§ **Goal of the exercise**: Could all of the entries be written out exactly, with any pictures omitted?

§ **Data excerpts**:
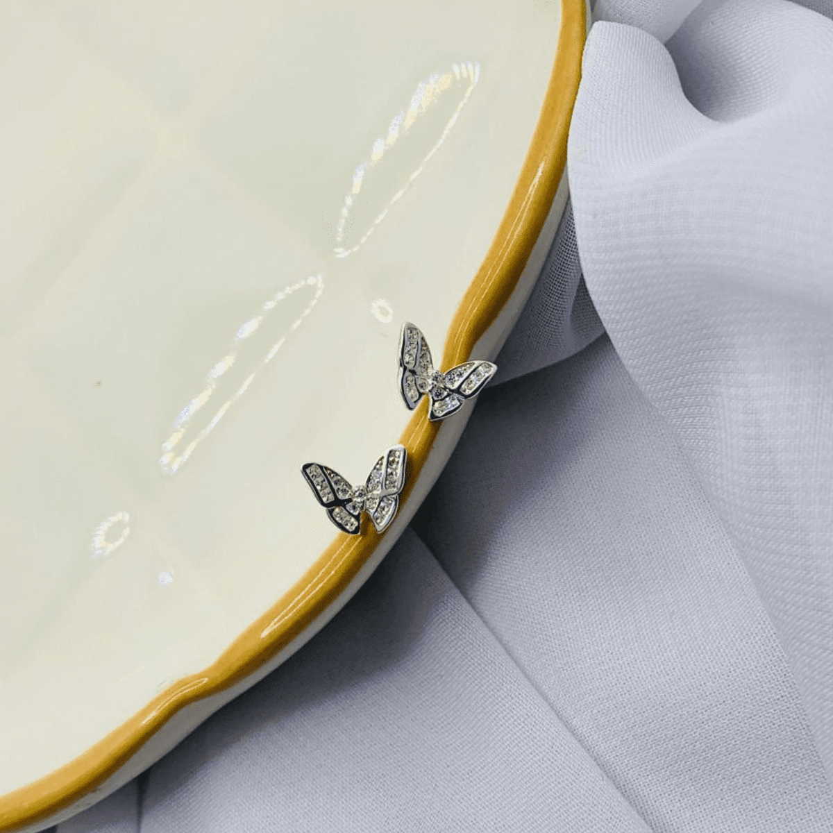 1 Par de brincos em Prata 925 com design de borboleta cravejada
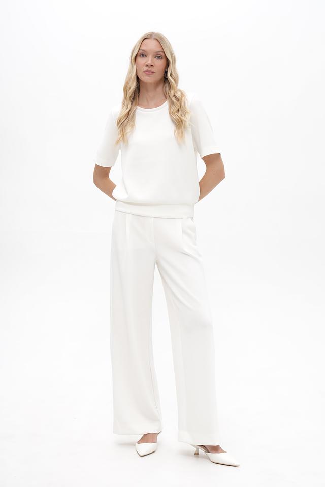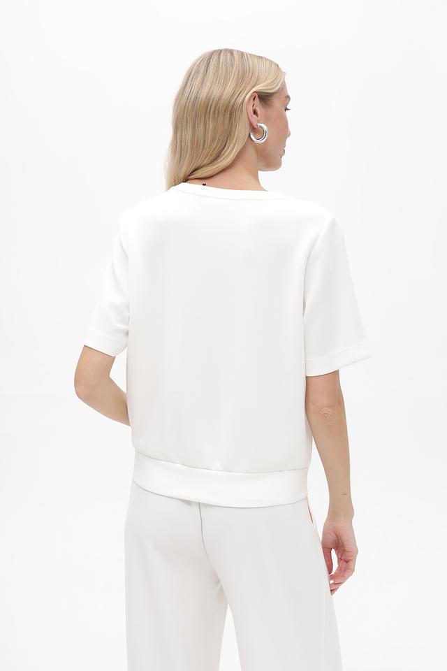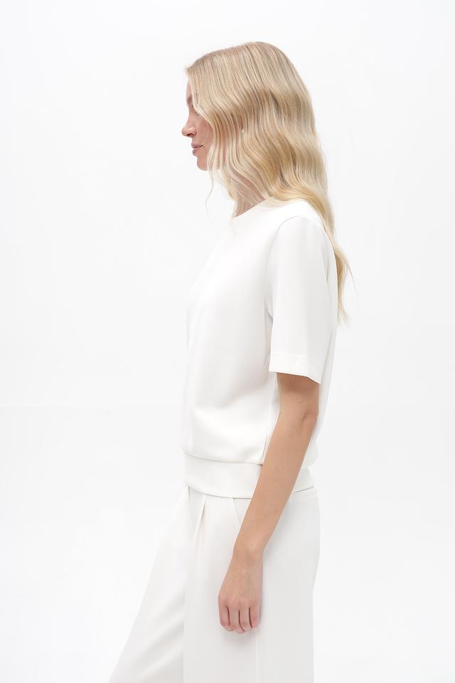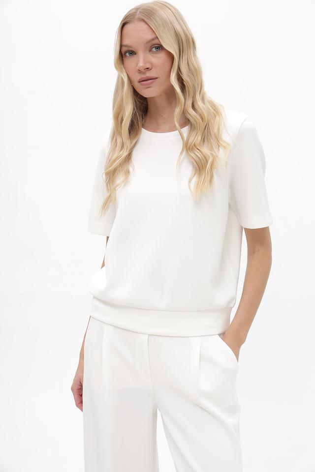 Модель имеет прямой крой, короткие рукава и круглый вырез горловины. Блуза выполнена из приятной на ощупь ткани, состоящей из модала (48%), полиэстера (47%) и эластана (5%). Такое сочетание материалов обеспечивает комфорт, воздухопроницаемость и легкую эластичность.
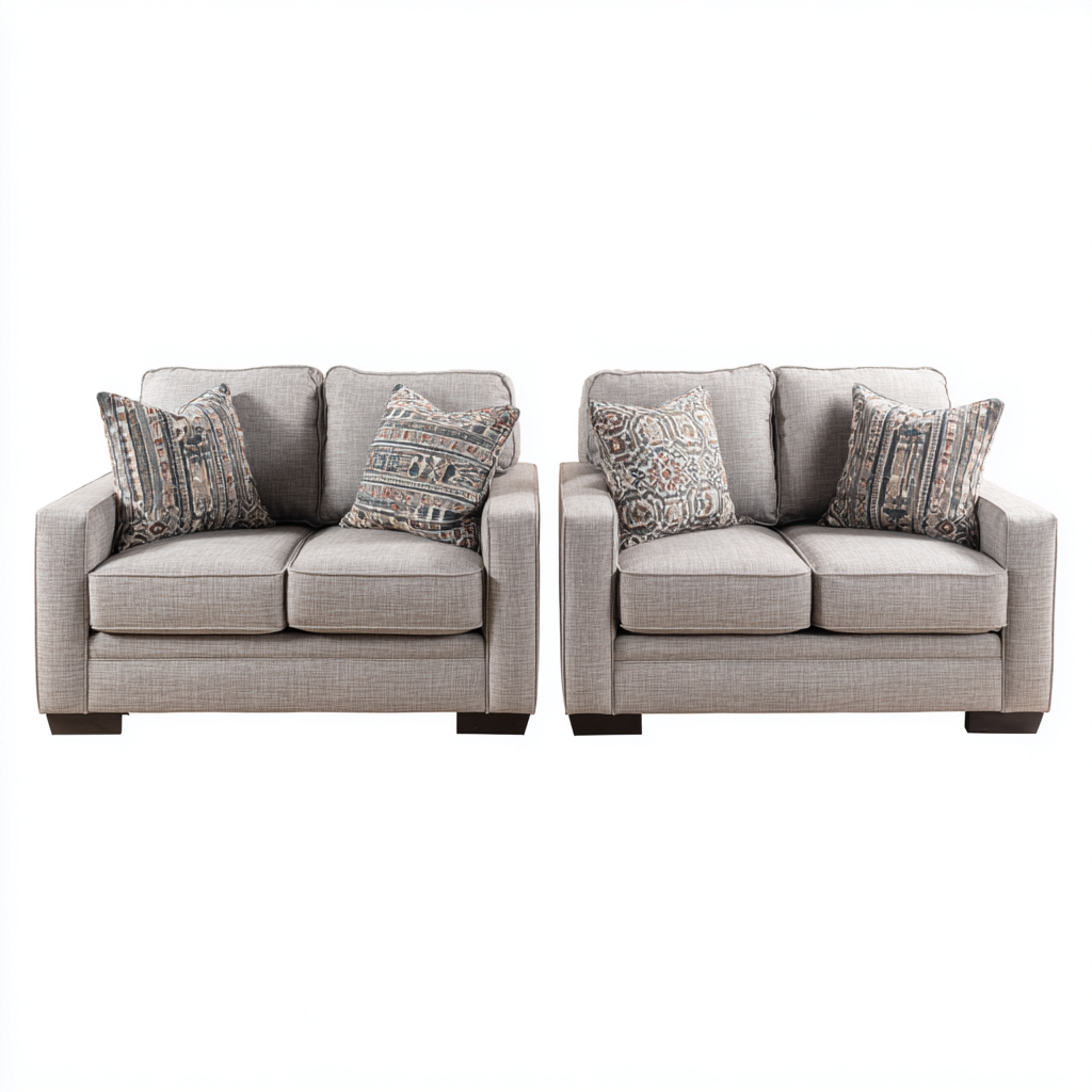 Questo set divani è composto da due divani coordinati pensati per arredare il soggiorno con equilibrio e funzionalità. Le linee regolari e la seduta imbottita offrono un comfort adeguato per l'uso quotidiano, rendendo l'insieme adatto sia ad ambienti domestici che a spazi di accoglienza.
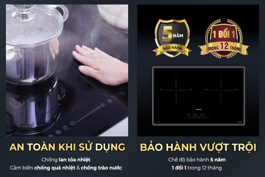 Thay vì những hiểm nguy rình rập khi dùng các thiết bị cũ (bếp gas, bếp hồng ngoại, máy xay, nồi, chảo, …) dễ gây rò rỉ điện, cháy nổ, cồng kềnh tốn diện tích hay vi khuẩn tích tụ lâu ngày gây mất vệ sinh an toàn thực phẩm, hãy đem đổi lấy bếp điện từ Nagakawa để đổi lấy sự an toàn, tiện nghi chưa từng có.
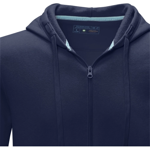 Vêtements promotionnels durables. Fermeture à glissière à spirale certifiée GRS au centre. Cordon de serrage certifié GOTS dans la capuche. Poche kangourou. Brossé à l'intérieur. Poignets côtelés plats. Ourlet du bas en tricot plat. Bande de propreté bicolore. Demi Lune. Étiquette principale en transfert pour un meilleur confort.
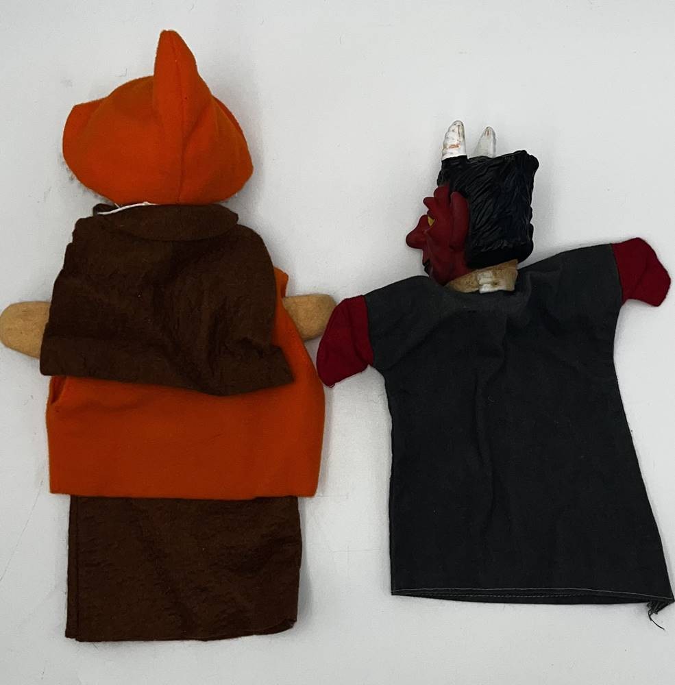 Handpuppen m. Gummikopf, 1x Sandmann & 1x Teufel, H: 37cm & 28cm
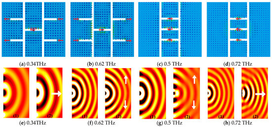 To further analyze the resonance characteristics observed in the amplitude and phase spectra of Bar1-PCA and Bar2-PCA, we investigated their electric field distributions under different modes. Using the time-domain solver of CST Microwave Studio, electric field distributions of Bar1-PCA and Bar2-PCA in CTL mode (xoy plane) and far-field radiation mode (yoz plane) were simulated by setting up electric field monitors, as shown in Figure 3. In the case of the REF-PCA, THz waves radiated in the backward direction propagate within the substrate in the form of spherical waves (Figure 3(e1)–(h1)). However, the introduction of meta-atoms induces interference and superposition between the scattered waves from the Bars and the THz waves radiated by the antenna gap, thereby altering the original radiation intensity distribution of the THz waves: For Bar1-PCA, the phase at the antenna gap matches that of Bar1 at 0.34 THz (Figure 3a). Furthermore, THz waves at 0.34 THz propagate primarily along the z-axis with significantly enhanced amplitude compared to the REF-PCA (Figure 3(e2)). Combining these results, constructive interference between scattered and radiated fields at 0.34 THz is confirmed, leading to amplitude enhancement without distinct phase features. Conversely, the phase of 0.62 THz in the antenna gap is inverted to the Bars’ (Figure 3b), and simulated far-field radiation shows divergent propagation with reduced intensity compared to the REF-PCA (Figure 3(f2)). This indicates destructive interference, causing band-stop modulation in the amplitude spectrum and an abrupt 180° phase shift. For Bar2-PCA, similar analysis yields consistent conclusions, with constructive and destructive interferences occurring at 0.72 THz and 0.5 THz, respectively, leading to amplitude enhancement and attenuation. Notably, significant phase abruptions are observed exclusively in the destructive interference band.

§ **Output for this task**:
 1 Par de brincos em Prata 925 com design de borboleta cravejada
 Модель имеет прямой крой, короткие рукава и круглый вырез горловины. Блуза выполнена из приятной на ощупь ткани, состоящей из модала (48%), полиэстера (47%) и эластана (5%). Такое сочетание материалов обеспечивает комфорт, воздухопроницаемость и легкую эластичность.
 Questo set divani è composto da due divani coordinati pensati per arredare il soggiorno con equilibrio e funzionalità. Le linee regolari e la seduta imbottita offrono un comfort adeguato per l'uso quotidiano, rendendo l'insieme adatto sia ad ambienti domestici che a spazi di accoglienza.
 Thay vì những hiểm nguy rình rập khi dùng các thiết bị cũ (bếp gas, bếp hồng ngoại, máy xay, nồi, chảo, …) dễ gây rò rỉ điện, cháy nổ, cồng kềnh tốn diện tích hay vi khuẩn tích tụ lâu ngày gây mất vệ sinh an toàn thực phẩm, hãy đem đổi lấy bếp điện từ Nagakawa để đổi lấy sự an toàn, tiện nghi chưa từng có.
 Vêtements promotionnels durables. Fermeture à glissière à spirale certifiée GRS au centre. Cordon de serrage certifié GOTS dans la capuche. Poche kangourou. Brossé à l'intérieur. Poignets côtelés plats. Ourlet du bas en tricot plat. Bande de propreté bicolore. Demi Lune. Étiquette principale en transfert pour un meilleur confort.
 Handpuppen m. Gummikopf, 1x Sandmann & 1x Teufel, H: 37cm & 28cm
 To further analyze the resonance characteristics observed in the amplitude and phase spectra of Bar1-PCA and Bar2-PCA, we investigated their electric field distributions under different modes. Using the time-domain solver of CST Microwave Studio, electric field distributions of Bar1-PCA and Bar2-PCA in CTL mode (xoy plane) and far-field radiation mode (yoz plane) were simulated by setting up electric field monitors, as shown in Figure 3. In the case of the REF-PCA, THz waves radiated in the backward direction propagate within the substrate in the form of spherical waves (Figure 3(e1)–(h1)). However, the introduction of meta-atoms induces interference and superposition between the scattered waves from the Bars and the THz waves radiated by the antenna gap, thereby altering the original radiation intensity distribution of the THz waves: For Bar1-PCA, the phase at the antenna gap matches that of Bar1 at 0.34 THz (Figure 3a). Furthermore, THz waves at 0.34 THz propagate primarily along the z-axis with significantly enhanced amplitude compared to the REF-PCA (Figure 3(e2)). Combining these results, constructive interference between scattered and radiated fields at 0.34 THz is confirmed, leading to amplitude enhancement without distinct phase features. Conversely, the phase of 0.62 THz in the antenna gap is inverted to the Bars’ (Figure 3b), and simulated far-field radiation shows divergent propagation with reduced intensity compared to the REF-PCA (Figure 3(f2)). This indicates destructive interference, causing band-stop modulation in the amplitude spectrum and an abrupt 180° phase shift. For Bar2-PCA, similar analysis yields consistent conclusions, with constructive and destructive interferences occurring at 0.72 THz and 0.5 THz, respectively, leading to amplitude enhancement and attenuation. Notably, significant phase abruptions are observed exclusively in the destructive interference band.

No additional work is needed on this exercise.